Virginia’s freshly inaugurated 73rd governor, Dr. Ralph Northam, told nearly 400 participants in the Virginia Interfaith Center for Public Policy’s annual Day for All People Tuesday that the time was right for expanding healthcare access in the Commonwealth.
“We have the availability of expanding Medicaid,” Northam said at the event’s morning kick-off at St. Paul’s Episcopal Church, “of making sure that close to 400,000 working Virginians have access to healthcare. There are individuals who are working one, two and three jobs but they can’t afford coverage because the cost of healthcare has risen a lot faster than people’s salaries.
“No individual, no family, should be one medical illness away from financial demise,” the governor continued. “We as a society have to decide whether healthcare is a right or is it a privilege. And personally, having taken care of thousands of children and their families, nobody in this country, in Virginia should have to make a decision as to whether they stay home or go and seek medical care.

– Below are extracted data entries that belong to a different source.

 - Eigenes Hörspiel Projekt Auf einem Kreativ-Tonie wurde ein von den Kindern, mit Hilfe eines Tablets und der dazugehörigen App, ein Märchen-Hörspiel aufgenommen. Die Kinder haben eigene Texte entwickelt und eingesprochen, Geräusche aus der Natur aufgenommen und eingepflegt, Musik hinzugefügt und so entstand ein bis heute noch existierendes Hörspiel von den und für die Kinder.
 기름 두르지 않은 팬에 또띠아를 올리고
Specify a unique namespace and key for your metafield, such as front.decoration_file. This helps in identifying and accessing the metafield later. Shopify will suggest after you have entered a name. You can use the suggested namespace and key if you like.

“Every day that we don’t expand healthcare not only are we are losing, but we’re giving to other states we compete with, $6 million a day. Since January, 2014, we’ve given away $10 billion – billion with a b – dollars.”
The record turnout for the Day for All People also heard from new State Secretary of Health and Human Recourses Dr. Daniel Carey, who echoed the governor’s take on Medicaid expansion and also predicted success in 2018.

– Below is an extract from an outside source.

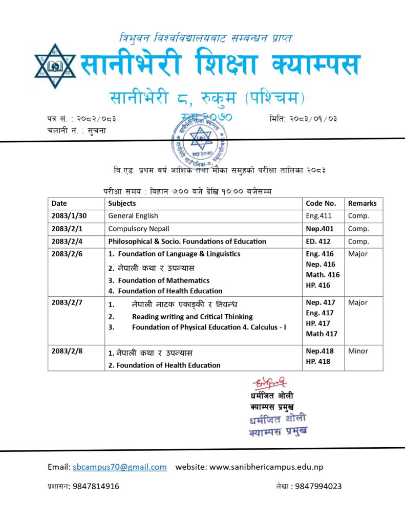 त्रिभुवन विश्वविद्यालय परीक्षा नियन्त्रण कार्यालय बल्खुद्वारा वार्षिक परीक्षा प्रणाली अनुसार २०८३ सालमा संचालन हुने २०८१ सालको ४ वर्षे स्नातक तह शिक्षा शास्त्र प्रथम वर्षको आंशिक तथा मौका परीक्षा मिति २०८३ साल बैशाख ३० गते देखि २०८३ साल जेष्ठ ८ गते सम्म हुने सुचना प्रकाशित गरिन्छ।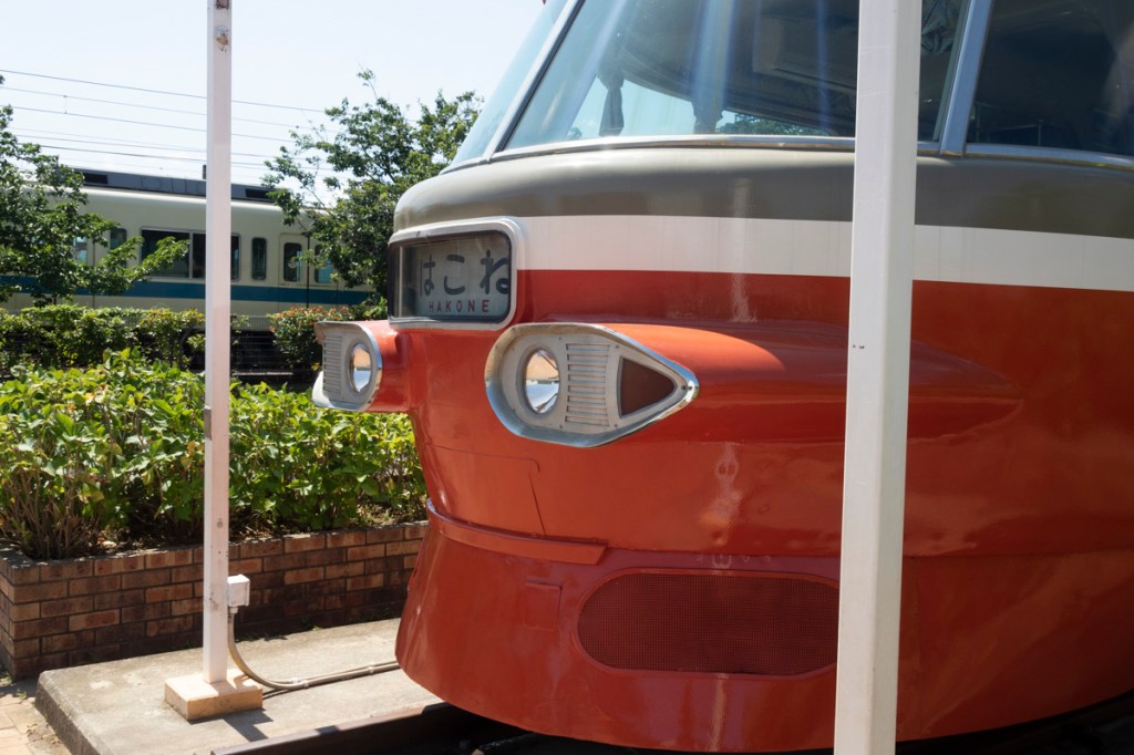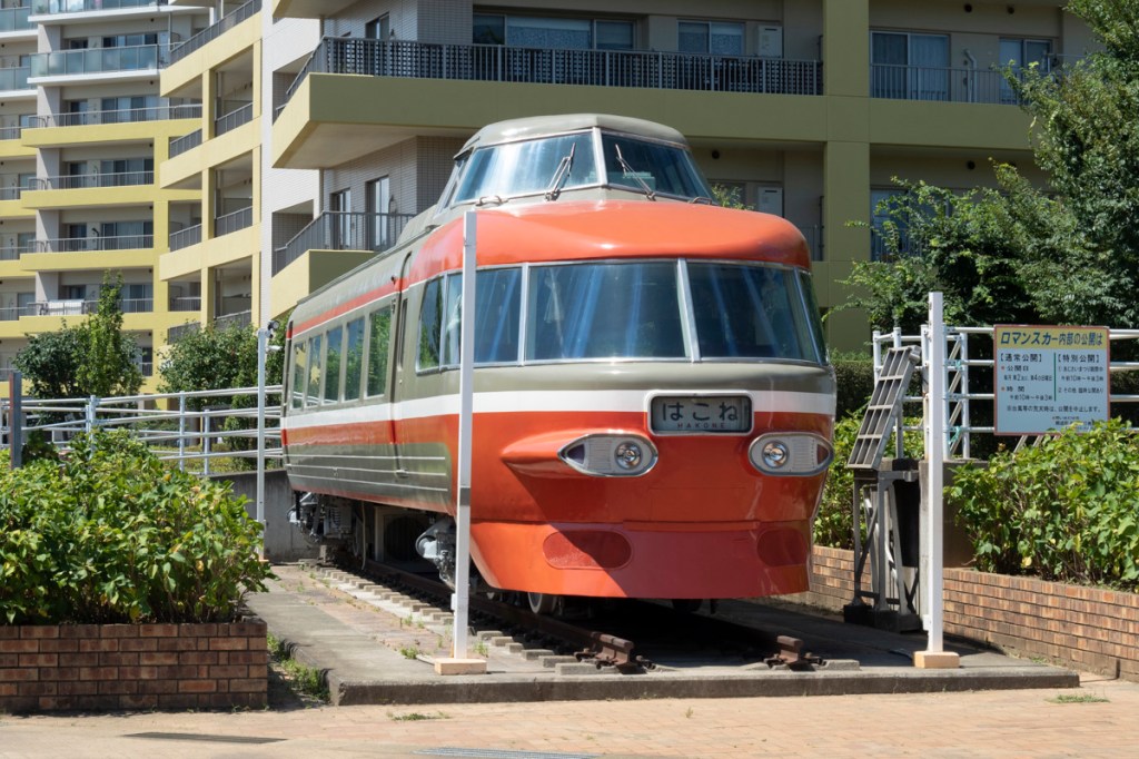 小田急の特急ロマンスカーで初めて展望席を設けたのは、1963年(昭和38年)に登場した3100形NSEです。海老名のロマンスカーミュージアムで保存されていますが、それ以外にも、小田急小田原線・開成駅の駅前にも保存されています。

“We in Virginia have waited too long,” Carey said. “Ten billion (dollars) in the last five years that we have forgone simply because of an ideology that divides us. This program may have economic challenges in the future, but to acknowledge that, and that this program has benefitted so many other states with decreased healthcare costs for many conditions. Not our own. We should make sure those additional resources are available to the people of Virginia. Finally I sense that, with your help, and with your advocacy, and other groups like yours, along with the governor’s support and so much support in the General Assembly, we will be successful this year.”
“It’s a question of simple justice to me,” Carey added, “a question of fairness, a question of how could we not do this in order to help so many of our brothers and sisters who are in need?”
The Day for All People participants spent time at legislative offices in the Pocahontas Building in the morning, meeting with their local lawmakers. After lunch, they joined one of five different workshops.
Gov. Northam also touched on other issues during his speech, including gun violence. “I grew up on the Eastern Shore, hunting and fishing,” he said. “I respect the Second Amendment. But I’ve also had some experiences in my life that have put things in perspective. One was serving in the United States Army for eight years. I took care of wounded soldiers during Desert Storm, I know all too well what weapons of war do to human beings. We do not need these weapons of war on our streets and in our society. We have work to do. We need to promote responsible gun ownership.”
Northam again urged the General Assembly to raise the nation’s lowest threshold for felony theft. “If someone makes a mistake, uses poor judgment, and picks up a used iPhone or a pair of boots that’s work more than $200, they’re going to be changed with a felony. They’re going to enter our prison system and have their lives ruined. In the process there’s legislation to raise it to $500 – personally I think it should be a bit higher, but things happen in stages here.”
He also encouraged a climate of welcome and inclusiveness toward all people in Virginia. “If you look around this beautiful church we’re in, you will see that we live in a diverse society and getting more diverse every day. It is that diversity that makes Virginia who we are, and we need to recognize that.”